Invited lecture: 3D integration the building blocks of upcoming technologies
2019-09-20
You are cordially invited to a lecture by Dr. Fabrice Nemouchi from CEA-LETI on Friday, the 20th of September. The title of the lecture is ' 3D integration the building blocks of upcoming technologies'. The abstract of the lecture and the short CV of Dr. Nemouchi are provided below.
You are cordially invited to a lecture by Dr. Fabrice Nemouchi from CEA-LETI on Friday, the 20th of September. The title of the lecture is ' 3D integration the building blocks of upcoming technologies'. The abstract of the lecture and the short CV of Dr. Nemouchi are provided below.
Location: The seminar hall of the Solid-State Electronics division (house 2, floor 1)
Time: 9:00 (sharp), Friday, 20th of Septemebr
Host: Zhen Zhang
Abstract:
The microelectronics industry and CMOS devices development most particularly, encountered drastic challenges on the down scale route in order to fulfil the specific requests that lead to low voltage, low power consumption and/or high performance devices. Thus, continuous modifications of Front-end (FEOL) and Back-end of line (BEOL) have been implemented during the two past decades while the typical pitch size of the device dropped below 90 nm. Moreover, those evolutions offer new paradigms architecture based on the FinFet and FD-SOI CMOS. Since a decade, a strong interest was figure out for the use of the third dimension as enhancer of performance increasing the transistors density at a given node. Indeed, the so-called 3D monolithic architecture or CoolCubeTM, consists in stacking a second transistors level on top of previous FD-SOI MOS layer, benefits on substantial rise of device numbers by cm2. Furthermore, the reduction of interconnects length and associated parasitics granted by the CoolCubeTM technology enables slightly relaxing the transistor dimensions, which is a considerable asset when processing more exotic materials. However, such smart architecture comes across new challenges due to the thermal budget that first process steps of the top transistors inflict to bottom ones. Although the thermal processing of top transistors is currently restricted with the goal of limiting the bottom CMOS degradation, the source and drain contacts appear to be a weak point that required an accurate attention.

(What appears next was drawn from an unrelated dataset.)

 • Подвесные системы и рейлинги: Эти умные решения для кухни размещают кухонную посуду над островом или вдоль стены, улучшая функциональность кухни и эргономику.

The different approaches have been studied and set up to establish the first 3D circuit with optimize performances on both CMOS tiers:
- Increase the stability of the bottom CMOS and especially focus on the effort salicide module, since it appears as the Achilles’ heel on the first Tiers. Large studies on silicidation process and material behaviors will be presented to stabilize the Si and SiGe metallization.

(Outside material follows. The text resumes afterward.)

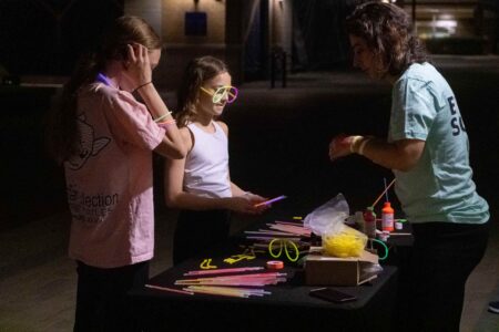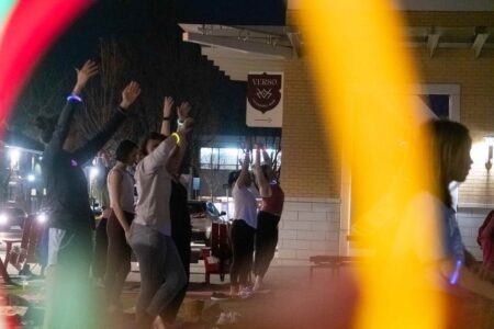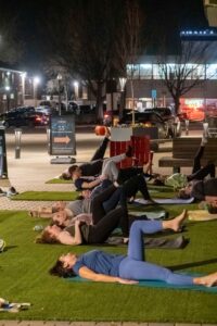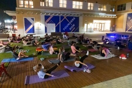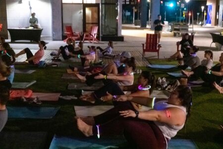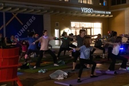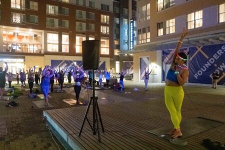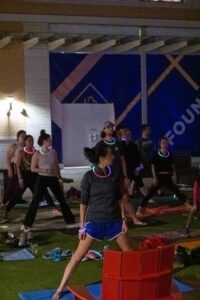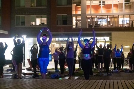 On March 23, DC Fray hosted an hour-long guided yoga session with a glow-in-the-dark twist at Founders Row in Falls Church, Virginia. Participants brought their own mats and upon arrival, they were offered glow sticks that could be fashioned into necklaces, bracelets and headpieces. Photos by Joe Jasper.

- Decrease the thermal budget required of the upper CMOS transistors processes such as Gate oxide annealing, dopant activation, spacer deposition, Source and drain epitaxies…
The presentation will focus on the main studies that was realized on the Si/SiGe 3D monolithic architecture so far.
In a second part, alternative channels could also be considers due to theirs mains properties. Indded, high mobility channels for advanced CMOS nodes have sparked significant interest over the past decade, since a larger drive current compared to Si-channel devices at a fixed gate overdrive allows maintaining the performance power dissipation trade-off while increasing circuit density. Based on their bulk electron and hole mobility, III-V materials (eg InGaAs) and Ge channels are generally considered among the most serious contenders, respectively for nFETs and pFETs. A 3D sequential integration with separately optimized nFET and pFET stages essentially boils down to solving issues of thermal budget compatibility between stages.
In this part, we will review some of the thermal budget constraints related to forming junctions on InGaAs and Ge (doping, epitaxy, intermetallic compound formation), and evaluate the corresponding impact on either a Ge-p-MOS-1st or III-V-nMOS-1st integration schemes.